3. Homeland Security beyond ICE: TSA and DHS-wide shifts
Reporting on appropriations highlights DHS-wide increases that extend beyond ICE to agencies like the Transportation Security Administration, with the appropriations summary noting DHS funding lifts for ICE and TSA (p1_s3, 2025-03-18). The CBO’s monthly review similarly lists DHS among the areas driving higher outlays in early FY2025 [3]. Taken together, the sources portray a broader departmental boost rather than an isolated spike for a single bureau, with DHS receiving targeted increases for both enforcement and security operations. The framing differs by outlet: one emphasizes dramatic ICE growth [1], while others place DHS gains in the context of national defense and security priorities reflected across federal spending [3] [2].
4. Canadian context: DND and RCMP identified as top domestic winners
Separate Canadian-focused reporting identifies the Department of National Defence and the Royal Canadian Mounted Police as the domestic agencies poised to receive the biggest federal funding increases in Canada’s 2025 fiscal planning, with DND slated for a $1.8 billion jump from $33.9 billion to $35.7 billion and the RCMP set for a $252 million bump (p2_s1, 2025-05-29). Those figures are presented as government planning priorities within Canada and are independent of the U.S. appropriations conversation; one source explicitly notes that the U.S. federal budget documentation does not provide direct information on Canadian agencies (p2_s2, 2025-04-26). The Canadian documents therefore stand as a separate piece of the 2025 funding story, showing that defense and national policing were prioritized by Ottawa [5].

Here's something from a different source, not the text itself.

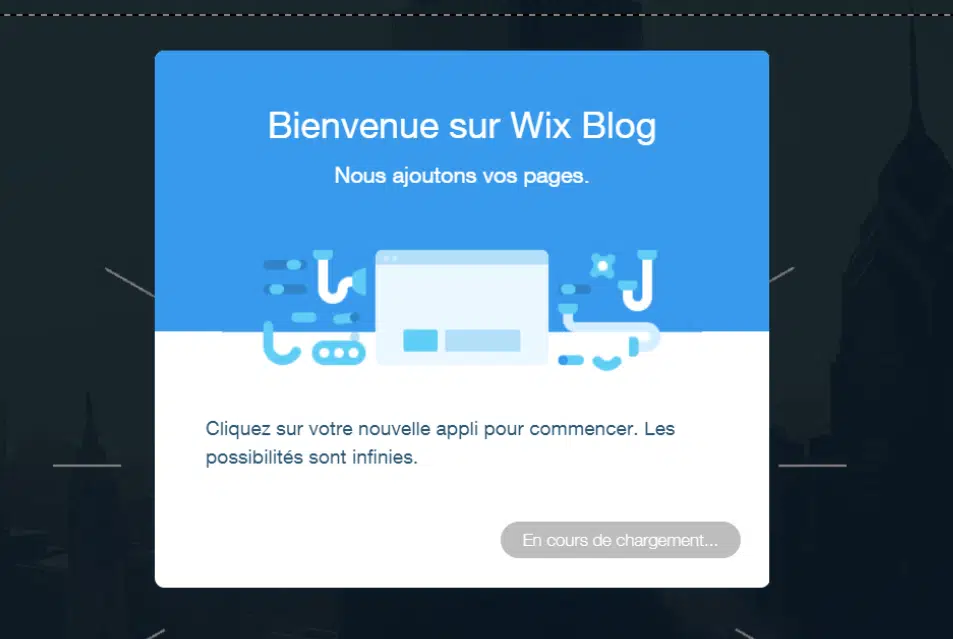 Cliquez sur Ajouter. Cela lance l’installation de Wix Blog sur votre site :
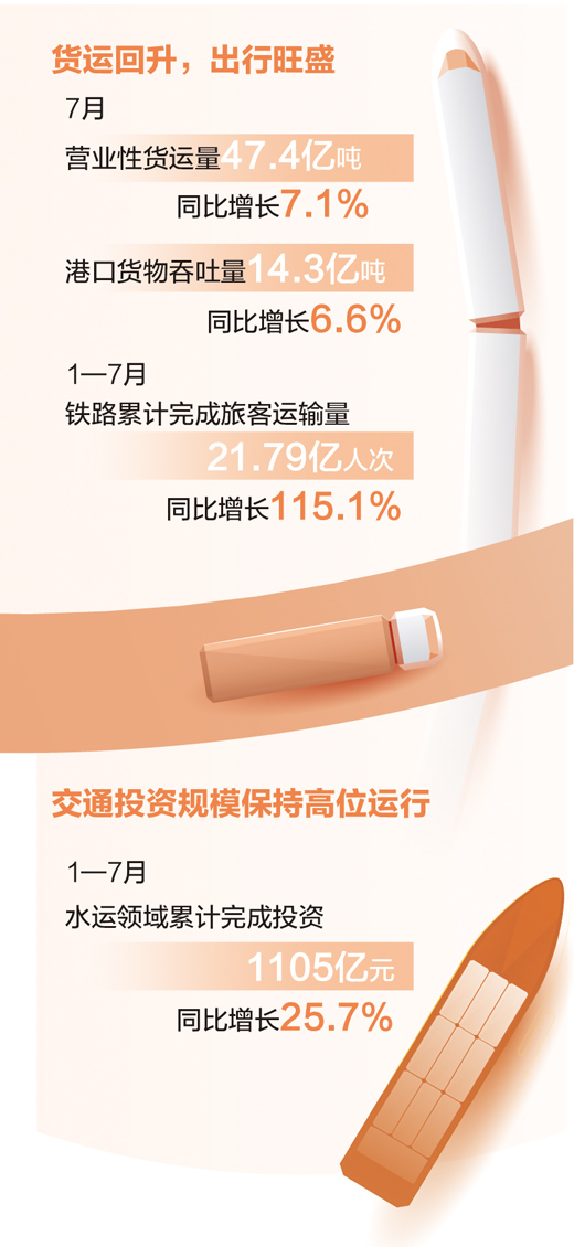 貨運(yùn)回升,出行旺盛,折射出交通運(yùn)輸行業(yè)向好、活力更足的態(tài)勢(shì)?!翱傮w看,7月份交通運(yùn)輸經(jīng)濟(jì)繼續(xù)保持恢復(fù)態(tài)勢(shì),主要指標(biāo)同比均實(shí)現(xiàn)增長(zhǎng)?!苯煌ㄟ\(yùn)輸部政研室副主任孫文劍說(shuō)。

5. Reconciling competing metrics: absolute dollars, percentage change, and political framing
The supplied materials illustrate that claims about “largest budget increases” depend heavily on the metric chosen: absolute dollar increases (which favor large agencies like DoD or a one-off multiyear ICE allocation), percentage increases (which can exaggerate change for smaller agencies), or programmatic reallocation that signals policy priorities. The sources include both precise claims (an ICE allocation described in dollars and years, p1_s1) and broader fiscal descriptions from the CBO and appropriations summaries that emphasize overall outlays and departmental shifts [3] [2]. Readers should note potential framing motives: domestic reporting may spotlight Canadian defense winners [5], while advocacy-oriented pieces may highlight ICE increases as evidence of policy choices [1].